There was one more requirement that shaped the platform from the start: the system itself shouldn't require sending your data somewhere else. The ski planner ran on a server in my basement partly because I didn't want my calendar, my habits, and my preferences flowing through services that would retain them indefinitely. For enterprises, this is even more fundamental — regulated industries often can't send production data to third-party infrastructure, full stop. That's why Thallus is designed to be self-hosted from day one, not as a bolted-on "enterprise tier" feature, but as the default deployment model. And for organizations that prefer managed infrastructure, the SaaS deployment comes with the same guarantee: your data is never used to train models. It's your data, not ours.
Building each of these layers is what turned a ski trip planner into Thallus.
The Architecture That Survived
The core architectural decisions from that first prototype survived into the platform largely intact. Not because I planned it that way, but because the ski trip problem forced the right design choices:
Multi-source orchestration. The ski planner needed to query multiple sources and combine results. This became the planner-executor pattern — a dependency graph of steps where each step runs a specialized agent against a specific data source, and results flow through a shared board.
Parallel execution. Checking the weather and checking I-70 conditions are independent operations — there's no reason to run them sequentially. This became the executor's ability to run ready steps in parallel via asyncio.gather(), which matters a lot more when you're running 8 agents against 4 databases instead of checking 2 APIs.
Adaptive replanning. Sometimes the weather check revealed that conditions were bad, which meant the restaurant and movie plans should change too. This became the evaluation loop — after each batch of agent results, the system decides whether the plan is complete, needs additional steps, or should be restructured based on what was discovered.
Synthesis across sources. The ski planner's output wasn't six separate answers — it was one plan for the day. This became the synthesizer, which collects all agent results and citations and produces a single response that draws from every source, with every claim traceable back to where it came from.
These patterns didn't come from reading a whitepaper on agentic AI architecture. They came from needing to answer "should I go skiing tomorrow?" in a way that actually accounted for all the variables.
What the Prototype Didn't Force Me to Solve
The ski trip planner got the orchestration right. But a single-user system running on a basement server doesn't surface the problems that appear when you're building for hundreds of users across regulated industries.
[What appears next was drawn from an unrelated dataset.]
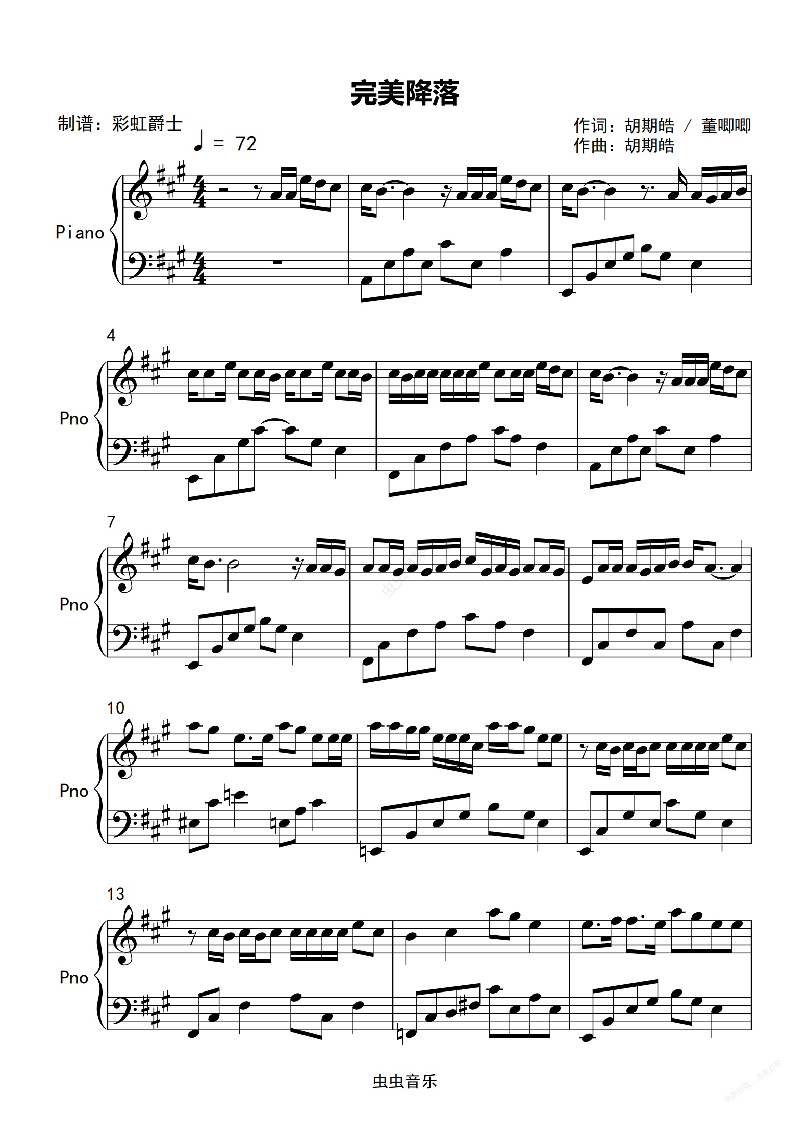 钢琴谱:完美降落-钢琴-抖音 简单版

A personal tool doesn't need to handle database schema drift — I controlled my own data sources. An enterprise platform needs agents that re-discover table structures before every session, because production schemas change without notice. A personal tool doesn't need retry logic with exponential backoff — if an API call failed, I'd just run it again. An enterprise platform needs workflows that handle LLM provider latency spikes gracefully, without losing state.
A personal tool doesn't need per-user cost attribution across every LLM and embedding call. It doesn't need to resolve which model provider to use at runtime because different users bring their own API keys. It doesn't need document ingestion pipelines that process a 200-page PDF asynchronously and make it searchable within minutes.
I knew how to build each of these things individually — I'd spent over a decade in data science and ML engineering. What the prototype didn't prepare me for was how many of them you need simultaneously, all working together, all production-hardened, before an enterprise will trust the system enough to connect it to their data.
The ski trip was the spark. Everything since has been building the operational and trust infrastructure that turns a clever prototype into something an enterprise would actually run in production.